[TASK DETAILS] The required output is the lines of the listing from the beginning through the line containing "Hrvatski premijer Ivo", each copied exactly, without any pictures.

[PROVIDED INFORMATION]
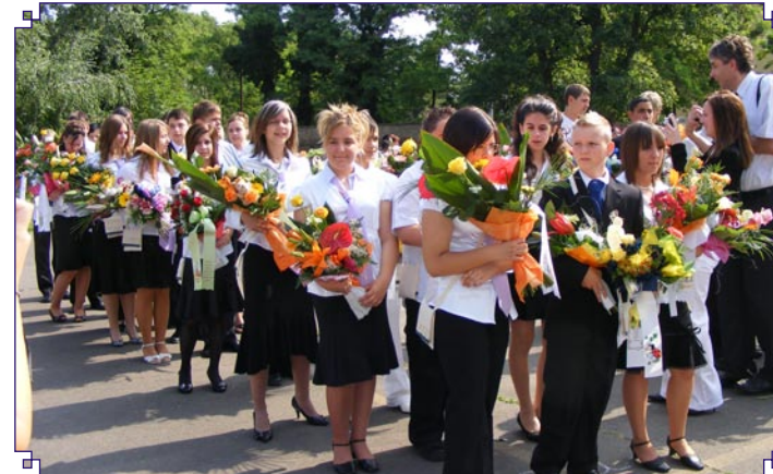
Búcsú az iskolától. A Jászapáti Alapfokú és Művészeti Iskola tanévzáró ünnepségén a nyolcadikosok ballagásával kezdetét vette a nyári vakáció.

JÁSZAPÁTI ÉS KÖRNYÉKE FÜGGETLEN HAVILAPJA * XX. ÉVFOLYAM * 7. SZÁM * 2009. JÚLIUS HÓ
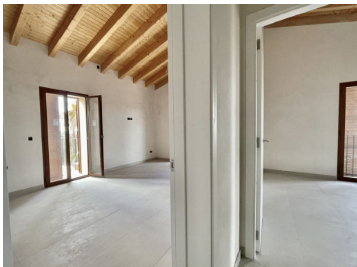
Dormitorio principal a la izquierda y tercer dormitorio a la derecha
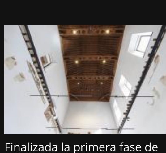
Finalizada la primera fase de rehabilitación en el Hospital San Juan de Dios
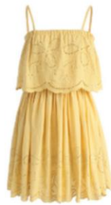
Платье с драпировками
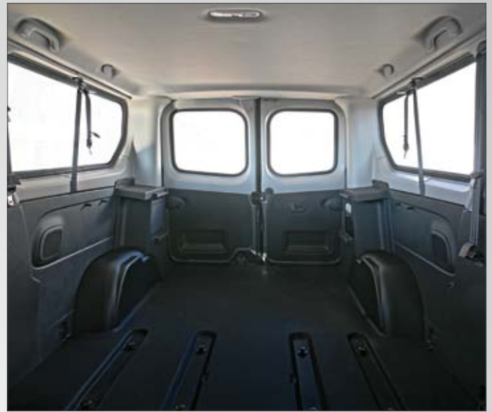
Kit rivestimenti in ABS termoformato per passaruota, cornici finestrini e porta posteriore (a battente o basculante).
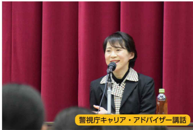
警視庁キャリア・アドバイザー講話
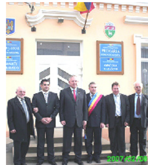
Hrvatski premijer Ivo Sanader ispred karaševske općine

Ali ove se dvije povjesne posjete i razlikuju po nečemu. Ako je posjeta predsjednika Mesića bila pripremana skoro mjesec dana ranije, da bi predsjednik došao – prošao i otišao u rekordnom vremenskom trajanju, predsjednik vlade najavio je posjet utorak za četvrtak, pa se sve navrat-nanos brzo opet isjeckalo na sekunde i predsjednik vlade je od 13,30 sati do 16,00 posjetio četiri mjesta i na brzu nogu, ručao za manje od 40 minuta. Druga raz-
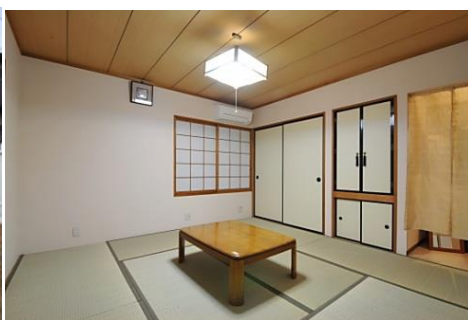
101 / ゲストルーム

[WRITTEN ANSWER]
Búcsú az iskolától. A Jászapáti Alapfokú és Művészeti Iskola tanévzáró ünnepségén a nyolcadikosok ballagásával kezdetét vette a nyári vakáció.

JÁSZAPÁTI ÉS KÖRNYÉKE FÜGGETLEN HAVILAPJA * XX. ÉVFOLYAM * 7. SZÁM * 2009. JÚLIUS HÓ
Dormitorio principal a la izquierda y tercer dormitorio a la derecha
Finalizada la primera fase de rehabilitación en el Hospital San Juan de Dios
Платье с драпировками
Kit rivestimenti in ABS termoformato per passaruota, cornici finestrini e porta posteriore (a battente o basculante).
警視庁キャリア・アドバイザー講話
Hrvatski premijer Ivo Sanader ispred karaševske općine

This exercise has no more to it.